• [Collected data]
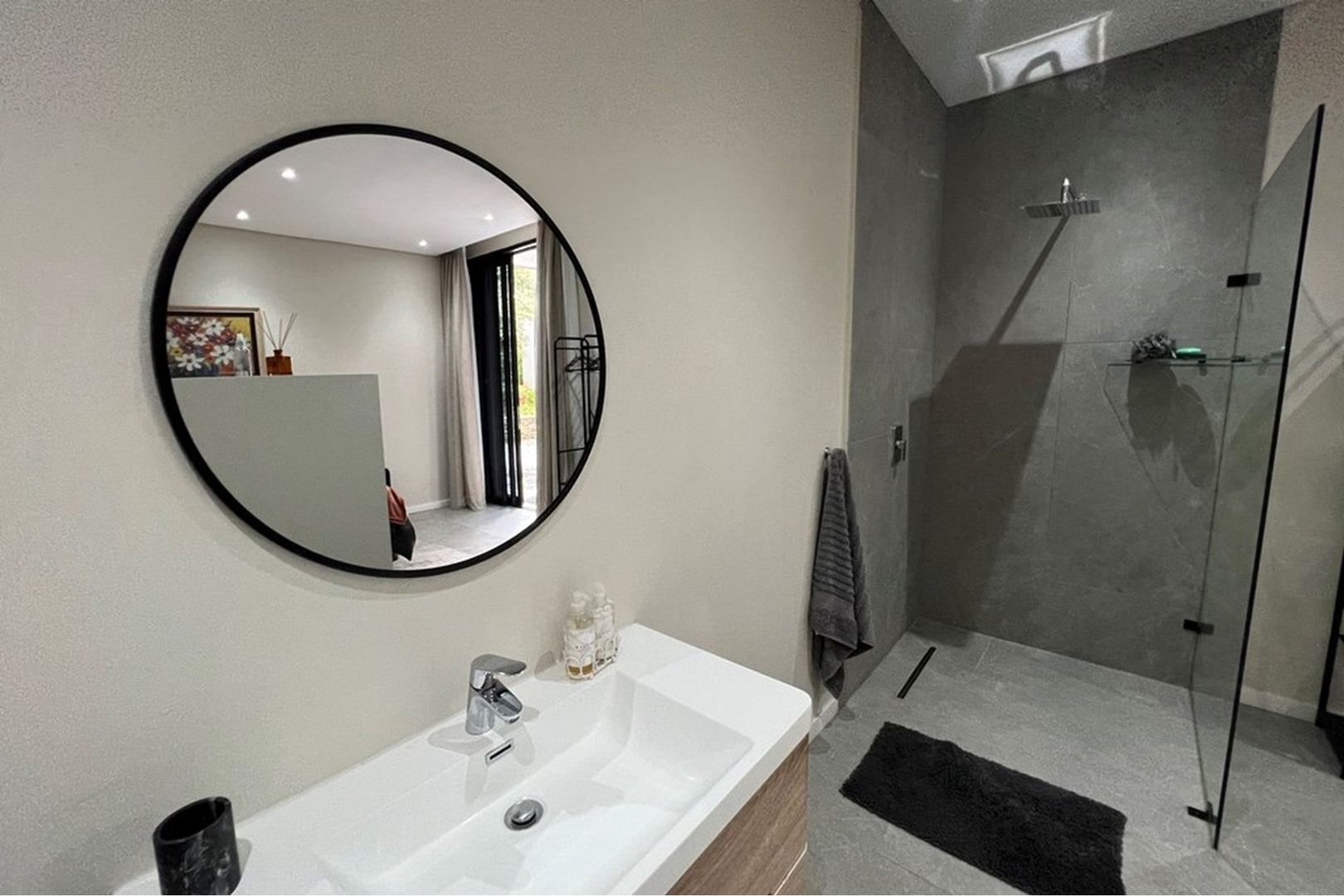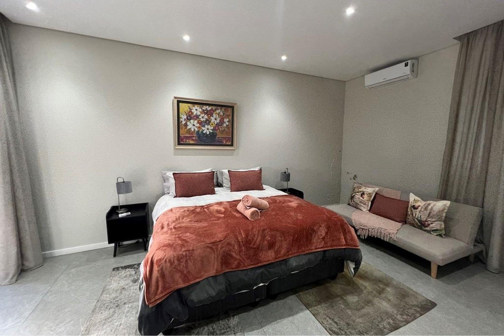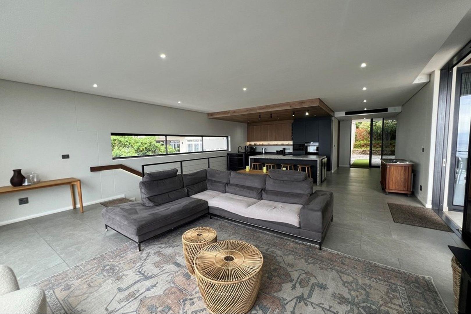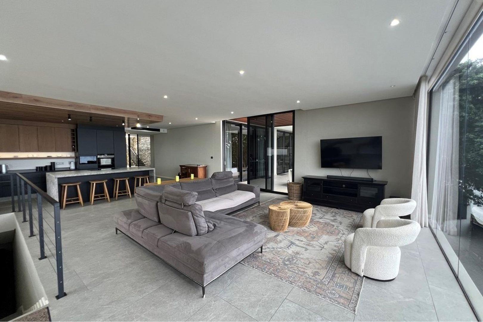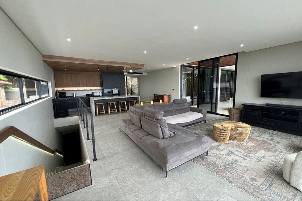 This level mirrors the top with a second kitchen, lounge, and dining area, along with two additional en suite bedrooms and a separate scullery. A private fifth bedroom with en suite provides flexibility for guests or extended family. A spacious courtyard accessed via the back entrance leads to a covered patio and a second braai area, ideal for casual outdoor dining.
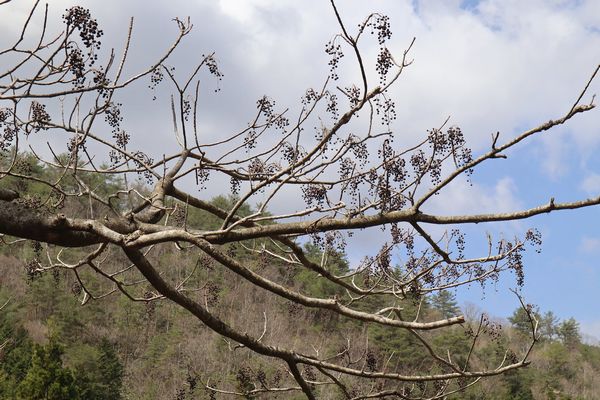 ①イイギリ このイイギリの大木にあいさつをしてから長野山の植物観察会はスタートです。
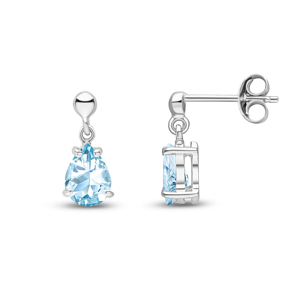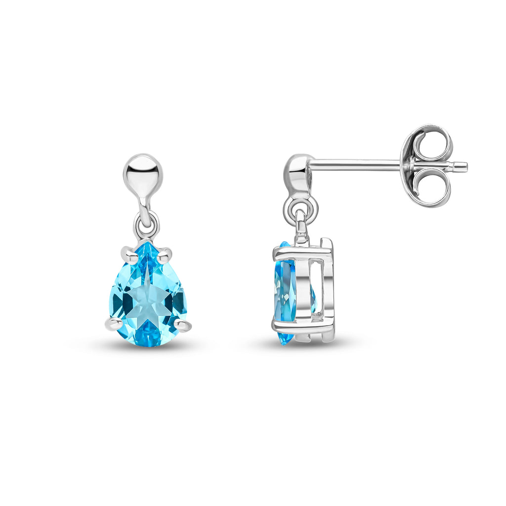 9CT White Gold Pear Shaped Swiss Blue Topaz Drop Earrings 7x5mm
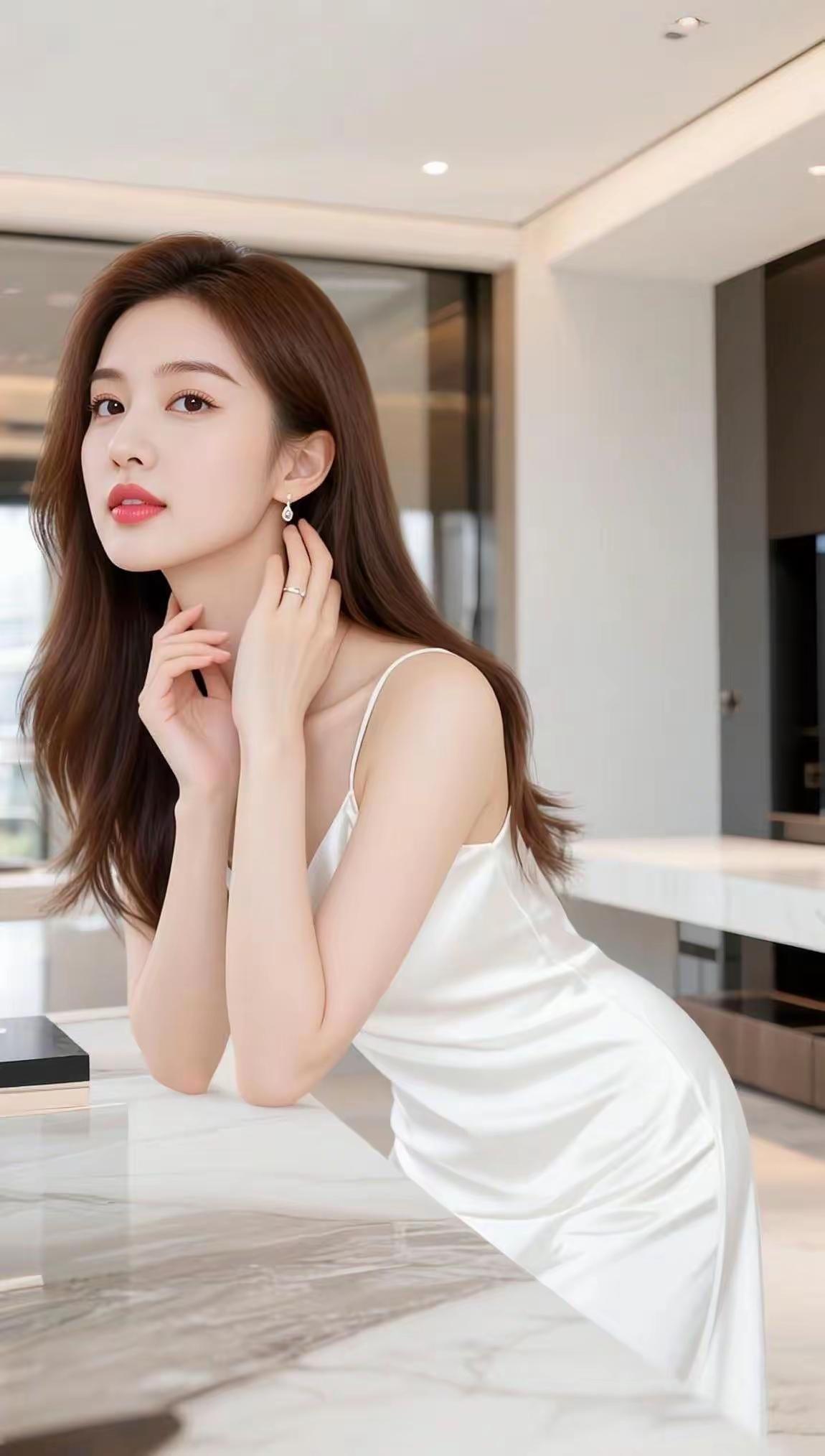 优雅白裙,精致妆容,时尚耳环,都市女性魅力

• [Your goal] Repeat the data exactly as written, but without the pictures.

• [Solved problem]
 This level mirrors the top with a second kitchen, lounge, and dining area, along with two additional en suite bedrooms and a separate scullery. A private fifth bedroom with en suite provides flexibility for guests or extended family. A spacious courtyard accessed via the back entrance leads to a covered patio and a second braai area, ideal for casual outdoor dining.
 ①イイギリ このイイギリの大木にあいさつをしてから長野山の植物観察会はスタートです。
 9CT White Gold Pear Shaped Swiss Blue Topaz Drop Earrings 7x5mm
 优雅白裙,精致妆容,时尚耳环,都市女性魅力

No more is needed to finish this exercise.